Nick - i'm not sure i follow. why would there have to be fewer PIs? there is still just as much research being conducted (e.g., same number of total subjects run), they just get published in fewer, better papers. standards for hiring and promotion would have to change, but i'm not sure why replacing every set of six small studies with two big studies would mean there would be fewer PIs.
Luke - absolutely. i tried very hard to avoid all nuance (hence the 'blah blah blah'). within-subjects designs are exempt. and i'm sure there are other exceptions as well. and of course hard and fast rules are always ridiculous. the reason for my overly blunt approach is that although i think hard and fast rules are a problem, an even bigger problem is getting so wrapped up in the nuances and exceptions that you get paralyzed and decide not to do anything. in social/personality psych, a sample size of 200 is very often reasonable and/or necessary. more nuanced rules would be better in many ways, but i think that using 200 as a default and asking authors to justify smaller samples is a good start. and i hate to see the perfect be the enemy of the good.

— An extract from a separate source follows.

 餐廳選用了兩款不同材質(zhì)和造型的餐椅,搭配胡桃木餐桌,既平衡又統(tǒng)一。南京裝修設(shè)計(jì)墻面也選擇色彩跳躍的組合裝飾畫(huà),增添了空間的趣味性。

Chris - yes, i think the point you make is likely one of the reasons that personality studies often have larger Ns. and perhaps we need larger Ns. however, putting personality psychology aside (we're still far from where we need to be anyway), the Ns in social psych are still way too small even if you don't care about parameter estimation. if you're concerned about type II error and about false positives (through file drawers and other QRPs), these sample sizes are too small even for just determining the direction or existence of an effect.
Posted by: simine | 09 October 2014 at 11:21 AM
Simine, I agree, if all we were doing was taking articles where the PI currently decides to run six underpowered studies and replacing those with two studies with higher N, then "statistically significant" results might also mean something, and PI employment levels are unaffected. But think of all the single-study, N=60 articles that would no longer be possible because the budget, or number of grad students who can be co-opted to conduct the experiments, doesn't extend to N=200.

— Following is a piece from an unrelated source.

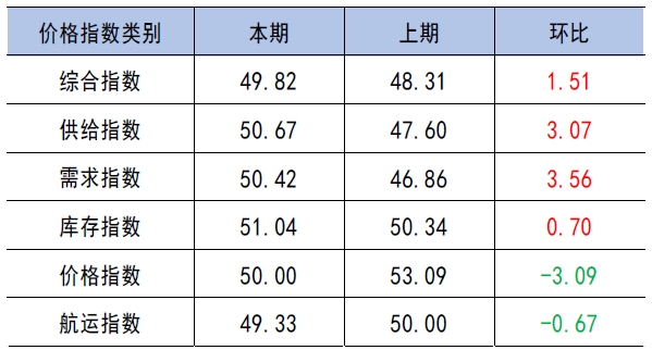 CECI沿海指数5500千卡/千克、5000千卡/千克现货成交价较上期上涨10元/吨、下跌2元/吨。从样本情况看,5500千卡/千克、5000千卡/千克规格品现货成交价样本价格区间分别为701-706元/吨、610-615元/吨。从样本热值分布看,5500千卡/千克、5000千卡/千克、4500千卡/千克样本在总量中占比分别为9.6%、58.8%、31.6%。

Maybe three colleagues can amalgamate their resources and run a single study instead of three, and then all be "co-PIs" on a hybrid study that doesn't really represent any of their true interests, but I don't see that being very popular. In my extensive experience of working in bureaucracies of various sizes, I have found that giving up status is about the last thing that people are prepared to do, even if the alternative is giving up some of the resources that are needed to do the job properly. (Why that should be, even among very intelligent people, would probably make an interesting study.)

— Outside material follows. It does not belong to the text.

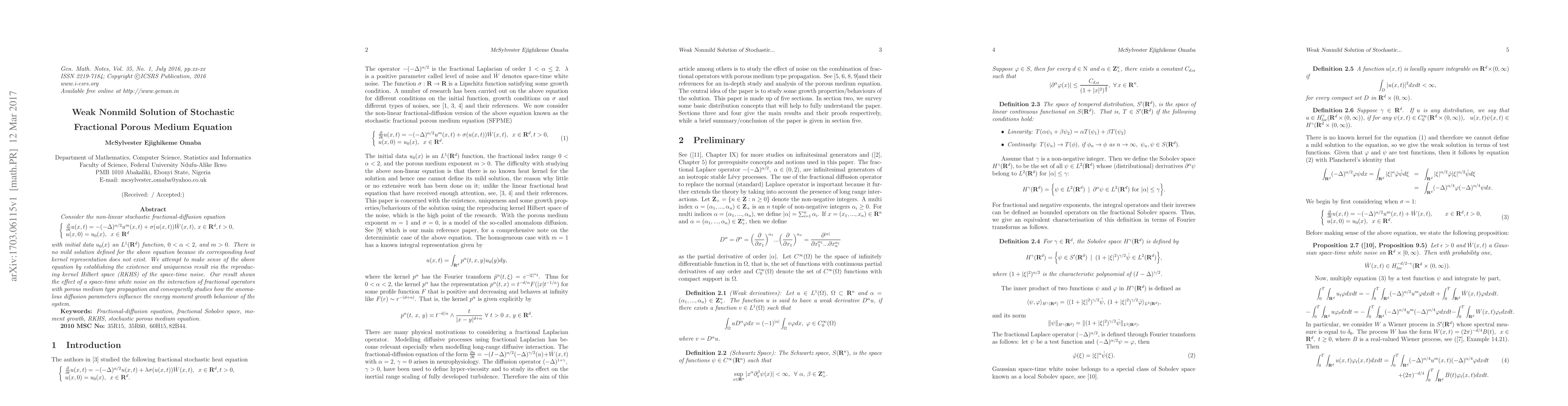 A study on a complex partial differential equation with stochastic terms finds that anomalous diffusion parameters influence energy moment growth behavior in porous medium type propagation. A non-standard solution approach is used to analyze the effect of space-time white noise on the interaction between fractional operators.

A further problem is that if fewer articles are being published (hooray!) for us to wade through each month looking for the power problems, it means that fewer "scientific findings" are being made (especially if we continue to not publish and/or ignore null results). I'm not sure if the whole self-sustaining industry of funding, researchers, journals, press releases, media, and institutional prestige is ready for the implications of that. I suspect that the number of studies being conducted has a near-lawful relationship with the number of people with an economic interest in those studies taking place, such that a reduction in one implies a near-proportional reduction in the other. As someone with no dog in this fight (I'm a retired non-academic), I have no problem either describing that or thinking about its implications, but I realise that that probably doesn't apply to most people who are likely to be involved in this discussion.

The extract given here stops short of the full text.